* About this task *
Repeat the listing below in full and exactly. Pictures are to be omitted.

* Data extract *
#####

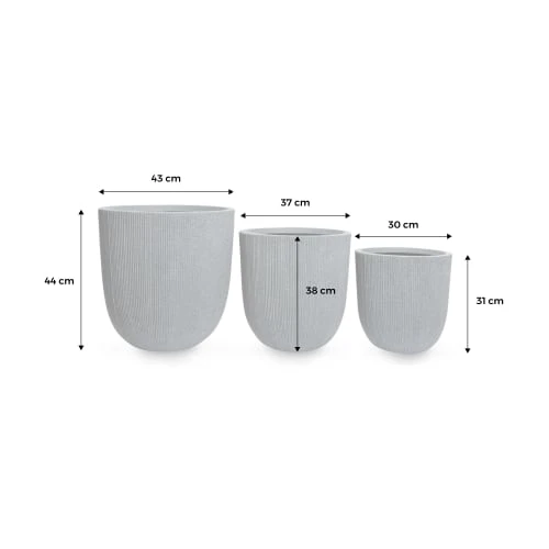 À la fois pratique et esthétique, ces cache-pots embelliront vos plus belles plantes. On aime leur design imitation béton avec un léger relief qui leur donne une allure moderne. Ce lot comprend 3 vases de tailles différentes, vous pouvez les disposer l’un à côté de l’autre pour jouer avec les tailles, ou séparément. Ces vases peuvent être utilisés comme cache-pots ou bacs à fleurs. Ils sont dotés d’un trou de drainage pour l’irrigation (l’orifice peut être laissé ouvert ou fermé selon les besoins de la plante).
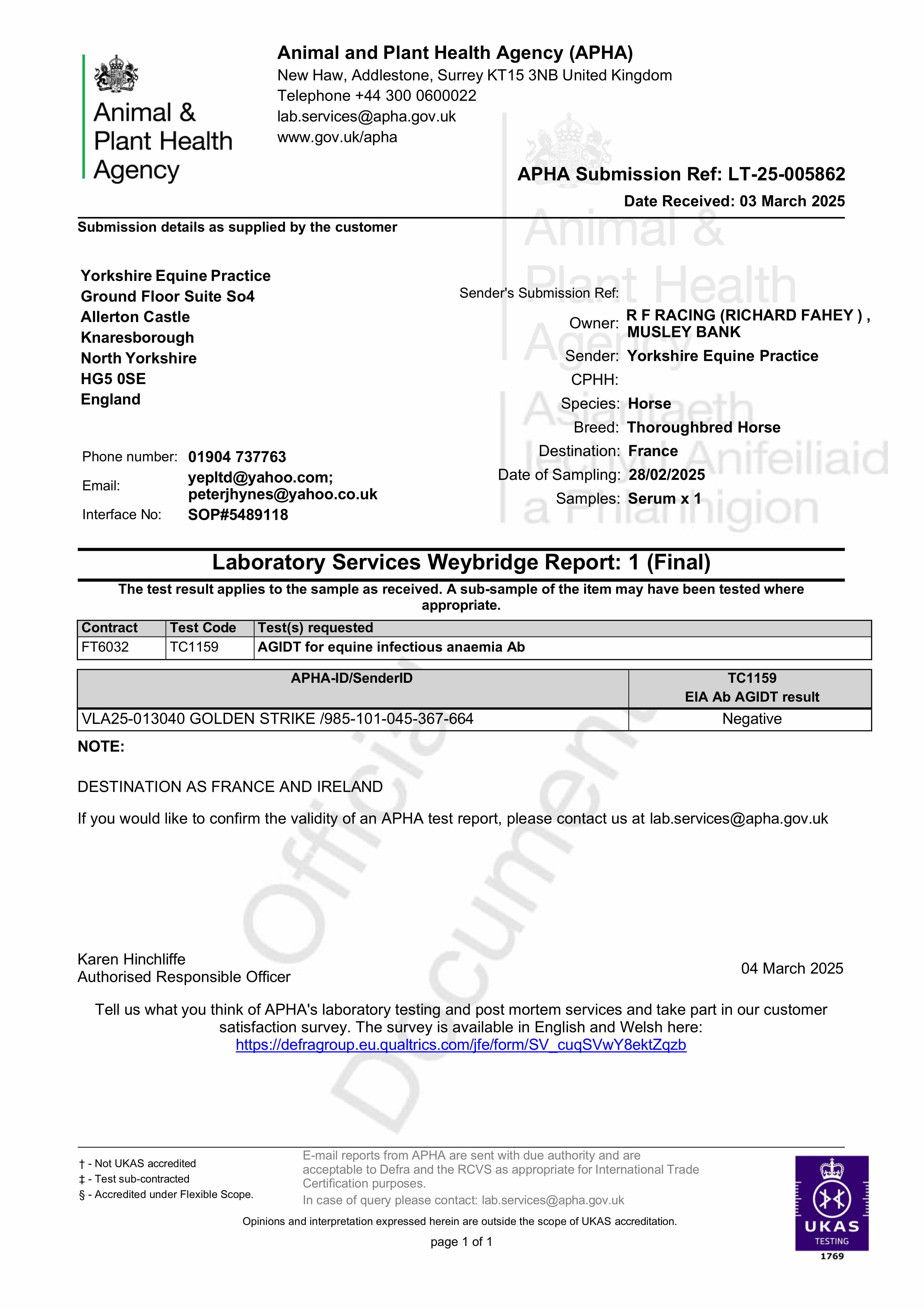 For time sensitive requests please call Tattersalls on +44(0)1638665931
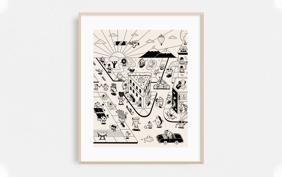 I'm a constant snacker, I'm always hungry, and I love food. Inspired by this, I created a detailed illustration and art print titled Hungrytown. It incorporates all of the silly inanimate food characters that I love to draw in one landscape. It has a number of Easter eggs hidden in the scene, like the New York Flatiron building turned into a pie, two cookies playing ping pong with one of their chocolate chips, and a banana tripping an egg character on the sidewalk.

#####

* Answer to the problem *
 À la fois pratique et esthétique, ces cache-pots embelliront vos plus belles plantes. On aime leur design imitation béton avec un léger relief qui leur donne une allure moderne. Ce lot comprend 3 vases de tailles différentes, vous pouvez les disposer l’un à côté de l’autre pour jouer avec les tailles, ou séparément. Ces vases peuvent être utilisés comme cache-pots ou bacs à fleurs. Ils sont dotés d’un trou de drainage pour l’irrigation (l’orifice peut être laissé ouvert ou fermé selon les besoins de la plante).
 For time sensitive requests please call Tattersalls on +44(0)1638665931
 I'm a constant snacker, I'm always hungry, and I love food. Inspired by this, I created a detailed illustration and art print titled Hungrytown. It incorporates all of the silly inanimate food characters that I love to draw in one landscape. It has a number of Easter eggs hidden in the scene, like the New York Flatiron building turned into a pie, two cookies playing ping pong with one of their chocolate chips, and a banana tripping an egg character on the sidewalk.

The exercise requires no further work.